GIOVANNI CAVALLO, PRESIDENTE SGNAM/MYMENU
«Forniamo un servizio professionale di consegna puntando su prodotti di qualità, abbiamo un posizionamento improntato sulla sostenibilità. Nelle città dove siamo presenti siamo leader: Bologna, Padova, Modena. Scegliamo noi i ristoranti con cui collaborare». Nati nel 2013: «Al lancio avevamo un vecchio modello di business, oggi siamo in trasformazione, e titolari di due marchi dopo la fusione con Mymenu. I ristoranti che lavorano con noi sono di fascia medio-alta, oppure “diversi”: per esempio, il sushi brasiliano o la polleria. Abbiamo uno scontrino medio di 34€ e 2 ordini/mese a persona». Negli ultimi 2 anni «siamo cresciuti del 5% a settimana – racconta Cavallo – Siamo italiani, di piccola dimensione, giovani (età media 27 anni) eppure ce la stiamo battendo con i giganti del settore, abbiamo meno capitali ma conosciamo bene il territorio. Nel team interno siamo 25, fra business e tecnologico, il resto sono i driver, vero interfaccia con il cliente: collaborano con noi anche giapponesi, afgani, purché conoscano bene la lingua. Il contratto varia a seconda del numero di ore lavorate. Molti sono studenti che scelgono un impiego che non gli complichi la vita, altri sono in transito da un lavoro a un altro. Del resto viviamo in una società liquida, uno dei fattori chiave è l’indipendenza».
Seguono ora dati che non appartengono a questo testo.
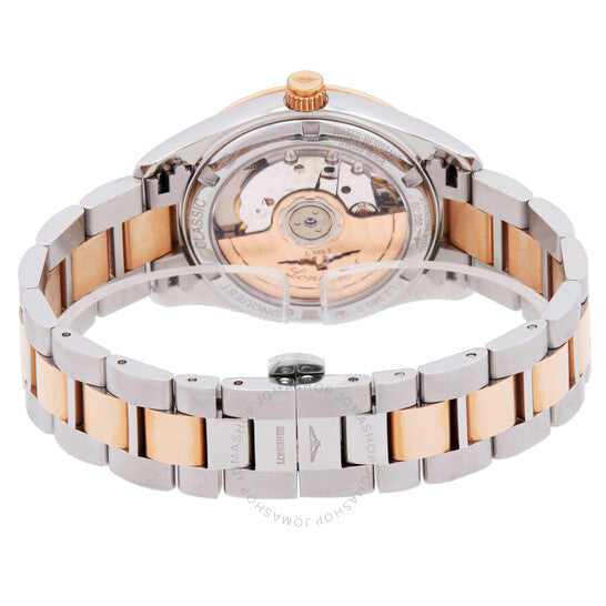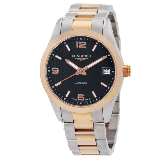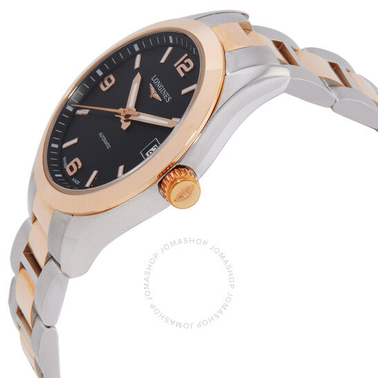 علبة من الفولاذ المقاوم للصدأ فضية اللون، مع سوار من الفولاذ المقاوم للصدأ ثنائي اللون (فضي وذهبي وردي) وذهب وردي عيار 18 قيراطًا. إطار ثابت من الذهب الوردي عيار 18 قيراطًا. ميناء أسود مع عقارب وعلامات ساعات ذهبية وردية اللون. علامات دقائق حول الحافة الخارجية. نوع الميناء: تناظري. عرض التاريخ عند موضع الساعة 3. حركة لونجين كاليبر L619/888 أوتوماتيكية، مبنية على ETA 2892، تحتوي على 21 جوهرة، تنبض بمعدل 25200 ذبذبة في الساعة، ولديها احتياطي طاقة لمدة 64 ساعة تقريبًا. زجاج ياقوتي مقاوم للخدش. هيكل دائري الشكل، مقاس الهيكل: 34 مم، سمك الهيكل: 11.5 مم. عرض السوار: 17 مم. مشبك قابل للطي. مقاومة للماء حتى عمق 50 مترًا / 165 قدمًا. الوظائف: التاريخ، الساعة، الدقائق، الثواني. معلومات إضافية: العلبة الأصلية، بطاقة الضمان الدولية، دليل الاستخدام (الملحقات الكاملة). سلسلة كونكويست كلاسيك. ساعة فاخرة. علامة الساعة: صناعة سويسرية. ساعة لونجين كونكويست كلاسيك أوتوماتيكية نسائية بمينا أسود، L2.385.5.56.7.

DANIELE CONTINI, COUNTRY MANAGER JUST EAT ITALIA
«Nata nel 2001 in Danimarca», racconta il CM di Just Eat Italia «oggi siamo presenti su 13 mercati, fatturato 546 milioni di sterline, 22 milioni di clienti, 172 milioni di pasti in tutto il mondo, oltre 87.500 ristoranti partner». In Italia: «Abbiamo 90 dipendenti, oltre 9.000 ristoranti partner in quasi 800 comuni», continua Contini: «Abbiamo chiuso il 2017 con un incremento dei ristoranti partner del +41% in Italia e un’espansione territoriale di oltre il 40%. Una crescita esponenziale che ha segnato un +70% degli ordini nell’ultimo anno e ha visto il raggiungimento di oltre 1 milione di clienti. Secondo le nostre stime, il segmento del cibo a domicilio vale circa 3.2 miliardi di euro e coinvolge già oltre 30 milioni di italiani. Il digitale pesa ancora in modo ridotto, circa il 7%. C’è un potenziale enorme. Per questo motivo, in linea soprattutto con la nostra missione di costruire la più grande food community al mondo coinvolgendo i clienti, e i nostri ristoranti, ci siamo resi disponibili a partecipare ai dialoghi politici e regionali. Nel nostro caso i fattorini operano direttamente per i ristoranti partner. Ciò detto è fondamentale collaborare alla creazione di un sistema virtuoso che possa soddisfare sia le aziende che i lavoratori».

RIDERS UNION ROMA
Per i ragazzi di RUR (sindacato dei riders): «La prima cosa che bisognerebbe fare è formare i ragazzi, dato che portiamo anche pasti gourmet». Come? «1) formazione su strada, rispettare il codice della strada ma anche prendere viabilità con poco dislivello, un viaggio più lungo in piano permette di portare il cibo al cliente nel migliore dei modi, e questo crea fidelizzazione; 2) corto raggio d’azione si dovrebbero accettare ordini al massimo entro i 4 km (le borse
termiche tengono max 30-40 minuti) ovvero tempi ottimi di consegna, e risposta». Sul food delivery: «Fino a qualche anno fa le città del centro/nord Italia erano pronte al servizio (un concetto americano) a Roma c’è stata una crescita nell’ultimo semestre. Oggi siamo 700 riders, il 30% è sotto i 30 anni». Alcuni dicono lavoretto, invece: «Ci sentiamo parte della filiera. Il rapporto quotidiano con il ristoratore è di conoscenza e fiducia. Inoltre, la gran parte di noi lavora per un monte ore importante, anche annuale». E chiudono con una visione: «Da qui a 5 anni il nostro lavoro sarà sostituito: in America, Amazon restaurant sta lavorando a robot che viaggeranno in strada, Uber elevate consegnerà con i droni. Ai clienti allora chiediamo, è meglio che il cibo lo porti un fattorino umano o lo consegni un robot?». Al futuro l’ardua sentenza.